Why multilateralism matters

 

 

 

Moritz Wüstenberg

Junior Researcher, Energy Law

LIBERAL TRADE has faced growing resentment from several directions in recent years. The decision by the United Kingdom to withdraw from the European Union following a 2016 referendum has affected both businesses and individuals. On the other side of the Atlantic, the 2016 election of President Trump was built on a campaign of protectionism and threats to multilateral trading rules. Disrupting the international trading system in order to realise an “America first” policy or to cast of the shackles of the European Union raise concerns and questions. In addition to creating economic benefits, trade on multilateral terms has for centuries been recognized as a key tool for maintaining peaceful relations between nations. If multilateralism fails, how will this impact geopolitics? Some exceptions, such as those allowing for closer cooperation without infringing on the multilateral rights, are sanctioned by the multilateral rules of the WTO and their use is on the rise. Is an increase in the use of exceptions to multilateralism a cause for concern?
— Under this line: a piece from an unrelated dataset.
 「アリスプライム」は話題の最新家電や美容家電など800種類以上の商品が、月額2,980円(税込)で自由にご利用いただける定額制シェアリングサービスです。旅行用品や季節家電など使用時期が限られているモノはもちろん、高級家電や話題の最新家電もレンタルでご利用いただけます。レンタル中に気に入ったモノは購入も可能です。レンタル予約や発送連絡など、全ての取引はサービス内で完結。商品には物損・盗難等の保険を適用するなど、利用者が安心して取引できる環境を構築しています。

THE REDUCTION of tariffs has been achieved through several rounds of negotiations under auspices of the General Agreement on Tariffs and Trade (GATT) in the wake of the Second World War. The outcome these means that trade in goods today is nearly tariff free. A key ingredient for the success of the GATT negotiations was the Most-Favoured Nation (MFN) clause, through which tariff concessions negotiated between some Members were multilateralized to all on a non-discriminator basis. In tandem with trade liberalization the global economy witnessed rapid growth of income, creating wealth for those taking part in the process. The driver of this growth has been argued to have been the virtuous cycle in which tariff cuts led to increased trade, which in turn led to more income which yet again enabled tariff cuts. Today, the MFN clause remains a cornerstone of the World Trade Organization Agreements (WTO) with only few exceptions to it.
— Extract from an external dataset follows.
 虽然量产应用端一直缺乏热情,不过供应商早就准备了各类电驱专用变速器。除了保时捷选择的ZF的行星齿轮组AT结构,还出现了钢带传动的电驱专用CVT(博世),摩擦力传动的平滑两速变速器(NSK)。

PREFERENTIAL TRADE Agreements, such as the European Union, NAFTA or the CETA, that offer deeper liberalization to its Members, but do not raise tariffs or other barriers to trade vis-à-vis those WTO Members that are not part of the pact, form the most important exception to the MFN obligation. In general, the preconditions for deviations from the MFN principle are threefold: transparency (the requirement to notify), commitment to regional trade liberalization (the requirement that PTA´s cover all trade between parties) and neutrality in relation to non-parties. The number of PTA´s has grown rapidly in the past decades, leading to concerns on the erosion of multilateralism. This echoes also the broader discussion on the fragmentation of international law, ongoing for more than a century.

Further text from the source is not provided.